• TASK MATERIAL
[Start of section]
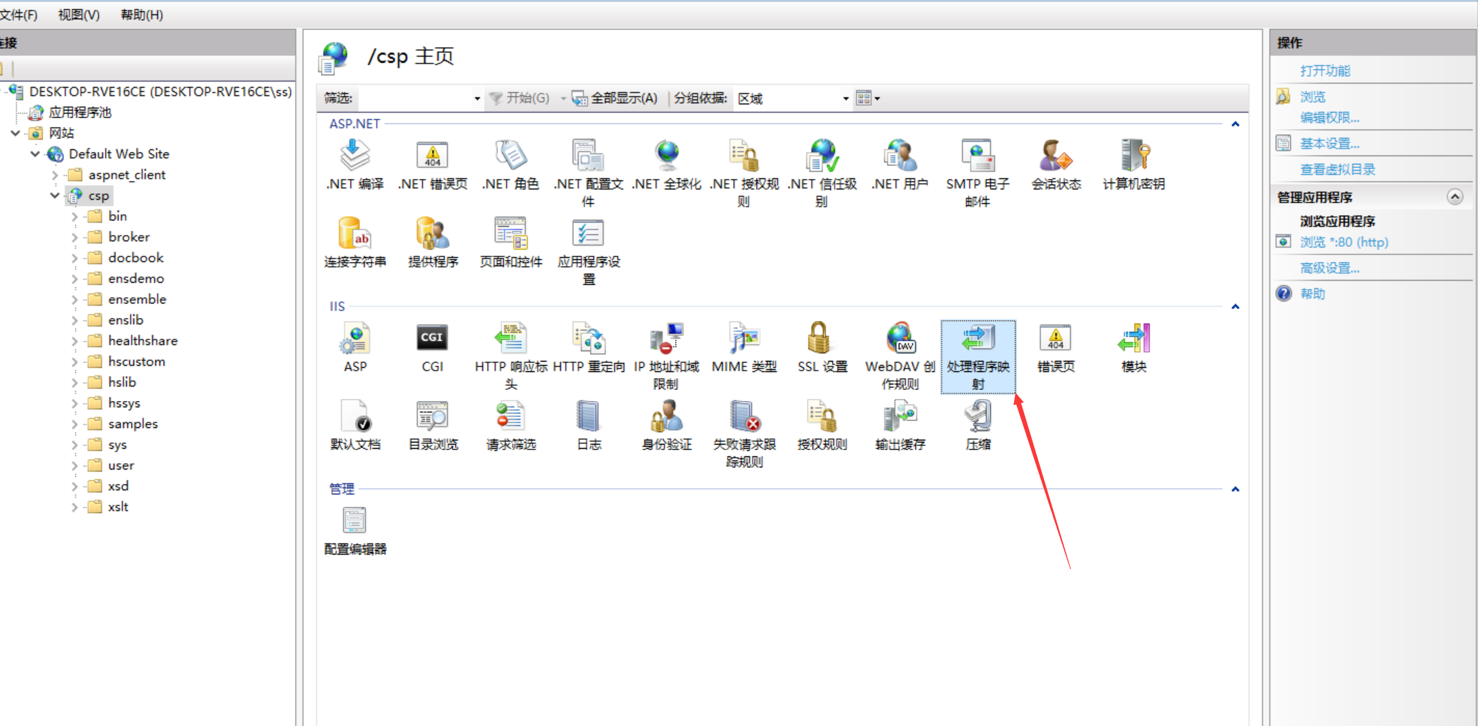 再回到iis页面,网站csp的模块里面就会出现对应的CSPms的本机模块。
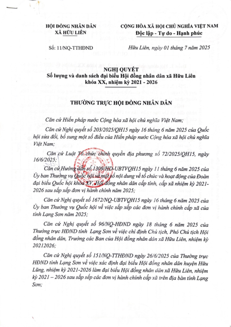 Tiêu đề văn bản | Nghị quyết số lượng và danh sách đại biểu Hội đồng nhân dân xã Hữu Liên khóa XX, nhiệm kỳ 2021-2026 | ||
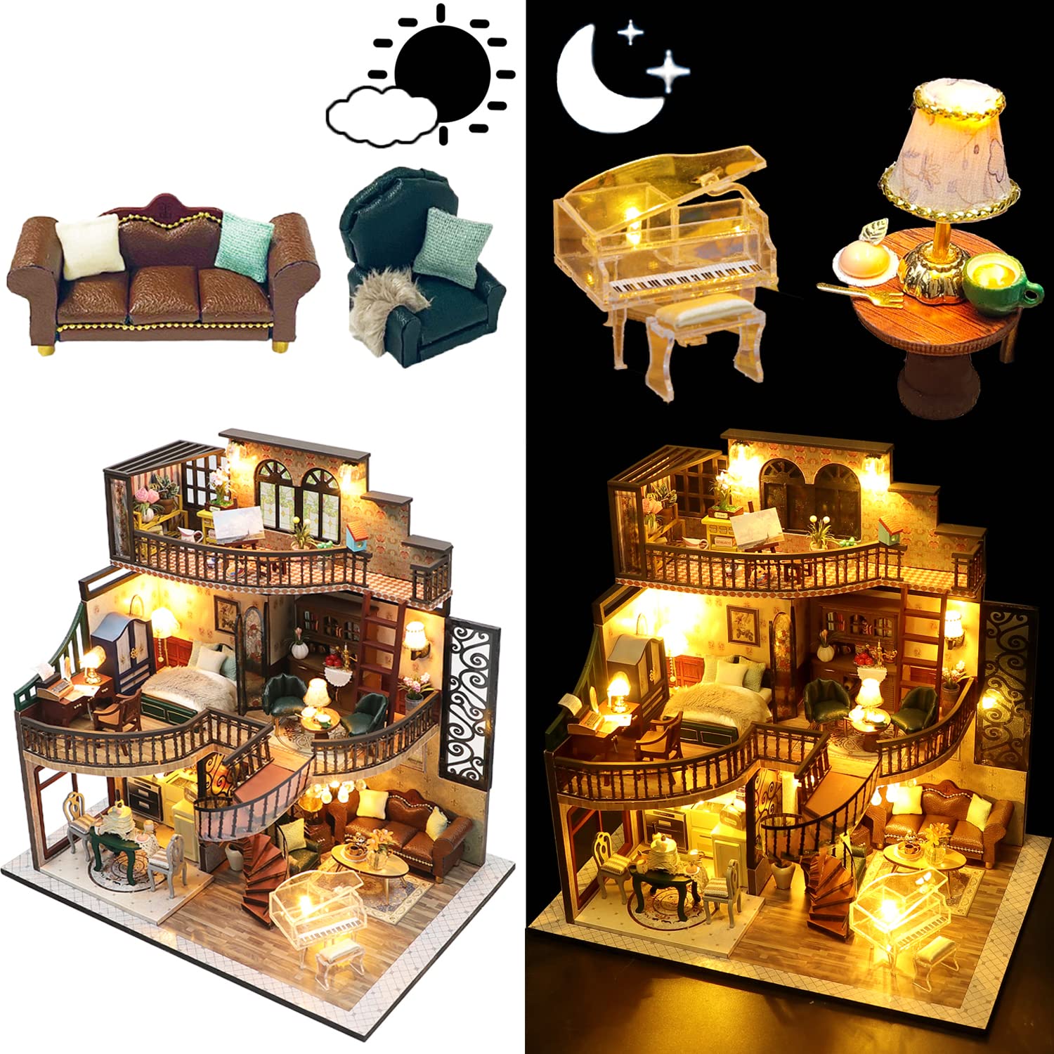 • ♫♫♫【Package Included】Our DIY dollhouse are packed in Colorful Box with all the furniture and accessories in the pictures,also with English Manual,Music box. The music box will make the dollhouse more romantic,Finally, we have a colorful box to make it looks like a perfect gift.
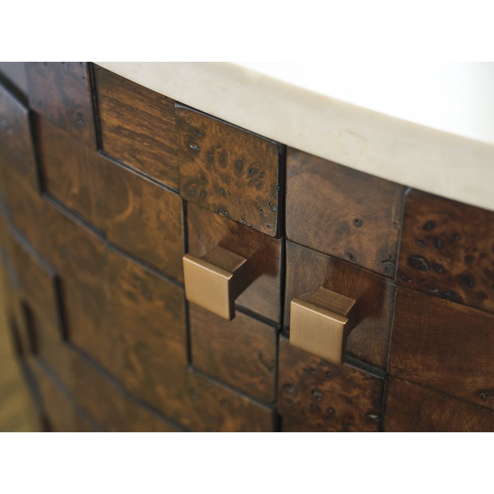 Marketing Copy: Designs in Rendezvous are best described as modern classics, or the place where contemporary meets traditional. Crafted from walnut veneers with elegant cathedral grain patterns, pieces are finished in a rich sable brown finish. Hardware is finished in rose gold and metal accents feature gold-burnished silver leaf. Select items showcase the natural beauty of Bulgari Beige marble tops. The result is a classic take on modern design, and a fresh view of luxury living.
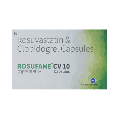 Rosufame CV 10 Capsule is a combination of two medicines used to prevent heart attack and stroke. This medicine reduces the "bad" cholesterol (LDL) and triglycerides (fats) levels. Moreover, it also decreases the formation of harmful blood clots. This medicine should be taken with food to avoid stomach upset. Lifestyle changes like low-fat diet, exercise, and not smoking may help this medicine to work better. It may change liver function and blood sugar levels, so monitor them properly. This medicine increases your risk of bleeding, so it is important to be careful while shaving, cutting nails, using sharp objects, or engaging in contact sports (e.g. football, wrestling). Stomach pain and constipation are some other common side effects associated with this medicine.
[End of section]
[Start of section]
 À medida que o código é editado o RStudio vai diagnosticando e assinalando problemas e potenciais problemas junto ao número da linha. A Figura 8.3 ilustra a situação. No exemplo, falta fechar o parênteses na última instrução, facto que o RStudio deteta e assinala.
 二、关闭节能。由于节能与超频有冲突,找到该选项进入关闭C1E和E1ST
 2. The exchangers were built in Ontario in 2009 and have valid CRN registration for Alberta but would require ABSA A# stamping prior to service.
[End of section]
Within the entries above, give again exactly the lines starting at the one that contains "a perfect gift." and ending at the one that contains "Marketing Copy: Designs", leaving out the pictures.

 • ♫♫♫【Package Included】Our DIY dollhouse are packed in Colorful Box with all the furniture and accessories in the pictures,also with English Manual,Music box. The music box will make the dollhouse more romantic,Finally, we have a colorful box to make it looks like a perfect gift.
 Marketing Copy: Designs in Rendezvous are best described as modern classics, or the place where contemporary meets traditional. Crafted from walnut veneers with elegant cathedral grain patterns, pieces are finished in a rich sable brown finish. Hardware is finished in rose gold and metal accents feature gold-burnished silver leaf. Select items showcase the natural beauty of Bulgari Beige marble tops. The result is a classic take on modern design, and a fresh view of luxury living.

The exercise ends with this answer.